Pipeline architecture
ECI HTML (results.eci.gov.in) ─┐
│
Census 2011 XLS (censusindia.gov.in) ──┤
│
kracekumar 2021 CSV (GitHub) ──┼─► Python (Polars + DuckDB)
│ │
ECI Form 20 PDFs (TN CEO) ──┤ ▼
↓ pdfplumber │ Hetzner S3 (s3://tnelection2026/)
│ ├── raw/ ← exact bytes fetched
TN CEO voter rolls (CAPTCHA + PDF) ──┤ └── curated/ ← typed Parquet, zstd
↓ 2captcha + tesseract │ │
│ ▼
DataMeet shapefile (GitHub) ──┘ DuckDB queries → docs/insights/*.json
│
▼
VitePress site (this site)Two hosts, one bucket
| Host | What runs here | Why |
|---|---|---|
| Laptop (Indian IP) | form20.py, voters.py — TN CEO scrapes | TN State sites geo-block foreign IPs |
| deemwar-app1 (Hetzner Germany, 12 cores, 62GB RAM) | results.py, historical.py, demographics.py, path_a_build.py, voters_ocr.py | Compute-heavy + no geo issues |
Both hosts read the same env file shape (Hetzner S3 creds) and write to the same s3://tnelection2026/ bucket. Spikes are pure functions of network → S3 — they don't care which host ran them.
Storage layout
s3://tnelection2026/
├── results/ raw HTML + curated parquet (AC × candidate × round, 2026)

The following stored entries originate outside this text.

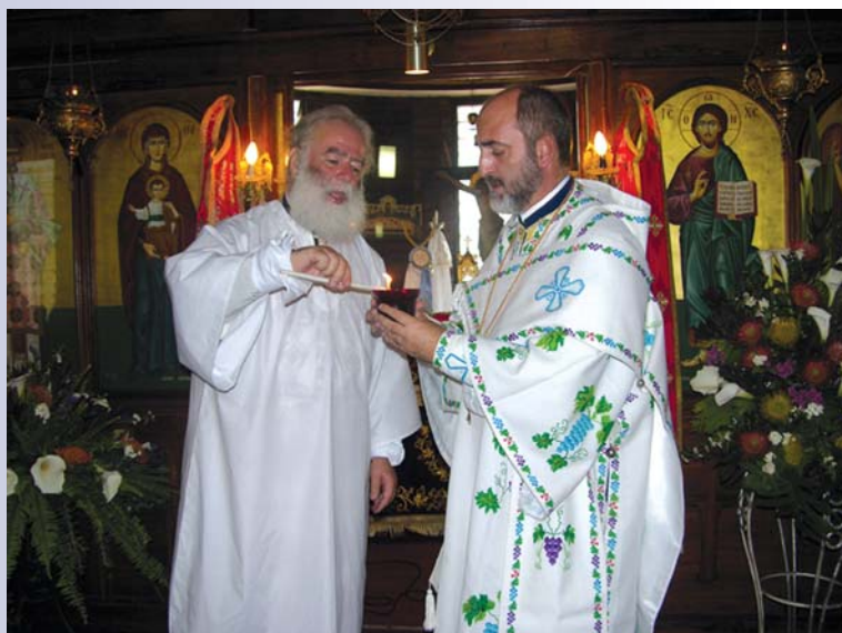
Ὁ Μακαριώτατος μέ τόν Σεβ. Μητροπολίτη Ζάμπιας κ. Ἰωακείμ κατά τήν τέλεση τῶν ἐγκαινίων τοῦ Ναοῦ τοῦ Ἁγίου Νεκταρίου

Ἀπό τήν Ἱερά Μητρόπολη Ζάμπιας καί Μαλάουι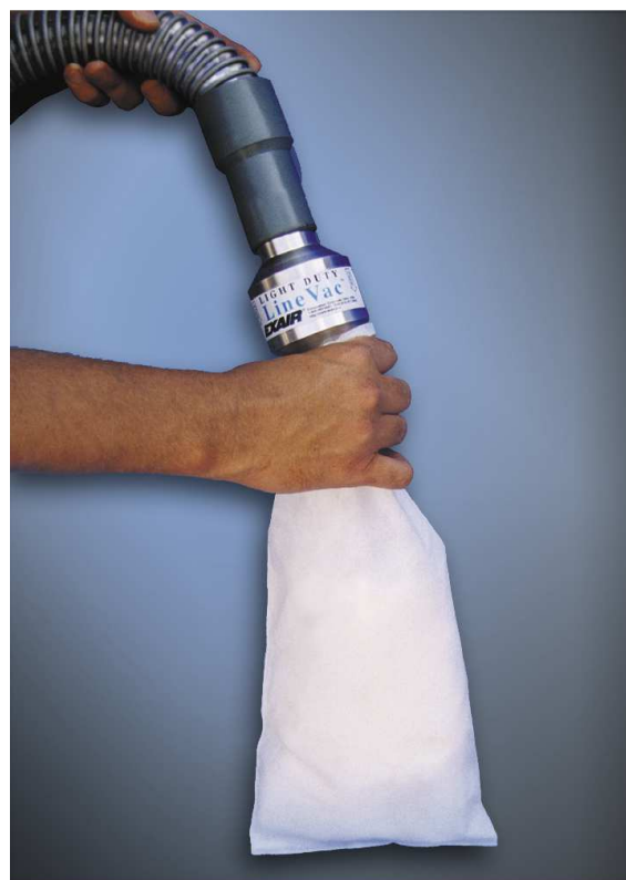
Light Duty Line Vac codice 130150 riempie un sacco di materiale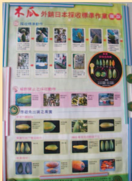
銷日木瓜採收作業標準作業圖

項設備，3 個示範班的主力作物木瓜、蓮霧、鳳梨經過層層關卡考核，96 年 8 月 14 日順利通過歐盟 GLOBALGAP 驗證，成為引領屏東縣優質水果迎向世界的先鋒部隊。

├── form20/ raw PDF + curated parquet (booth × candidate, 2026 — partial)
├── voters/ raw PDF + OCR'd voter list (booth-level, partial)
├── candidates/ MyNeta scrapes (deprioritized — present but not used here)
├── historical/ 2011/2016/2021 raw + parquet
├── caste/ per-AC reservation flag + Wikipedia prose
├── religion/ state baseline + (when available) booth-inferred from voter names
├── alliance/ Wikipedia-sourced party↔alliance map per year
├── geo/ DataMeet AC polygons (WKT)
├── demographics/ Census 2011 district religion mix + AC-joined view
└── insights/ 2021→2026 swing × demographic joins (curated)Phases
Phase 1 — Raw dump
Every spike downloads exact bytes from the original source to s3://.../raw/. This is the audit trail. Never mutated. If a parser changes, we re-derive from raw.
Phase 2 — Curated parquet
Each spike's curate() reads from raw/, normalises, writes typed Parquet to s3://.../curated/year=YYYY/ac=NN/*.parquet. Polars for in-memory work, DuckDB for SQL + S3 reads.
Phase 3 — Insights
DuckDB queries across curated/ parquets produce small JSON insight files for the site. See pipelines/path_a_build.py for the complete end-to-end script.
Why Parquet + zstd
A 174 KB HTML page (one AC's Roundwise) becomes an 8.7 KB Parquet after parsing — 20× compression with no information loss. DuckDB reads Parquet from S3 via httpfs extension at near-native speed:
INSTALL httpfs; LOAD httpfs;
SET s3_endpoint='hel1.your-objectstorage.com';
SET s3_access_key_id='...';
SET s3_secret_access_key='...';
SELECT ac_no, ac_name, SUM(total_votes) AS total
FROM read_parquet('s3://tnelection2026/results/curated/year=2026/ac=*/candidate_totals.parquet',
hive_partitioning=true)
GROUP BY 1, 2
ORDER BY total DESC LIMIT 5;That's the whole architecture. No database server, no Spark, no cron Airflow. Bucket + Parquet + DuckDB on a 12-core box.
Two products under one repo
This pipeline is the analyser. There's a separate live scoreboard in the same repo (scrape.ts, update.sh, docs/insights.json) that ran every 2 minutes during the May 2026 counting day and was the user-facing dashboard. The two share no code; the analyser is additive.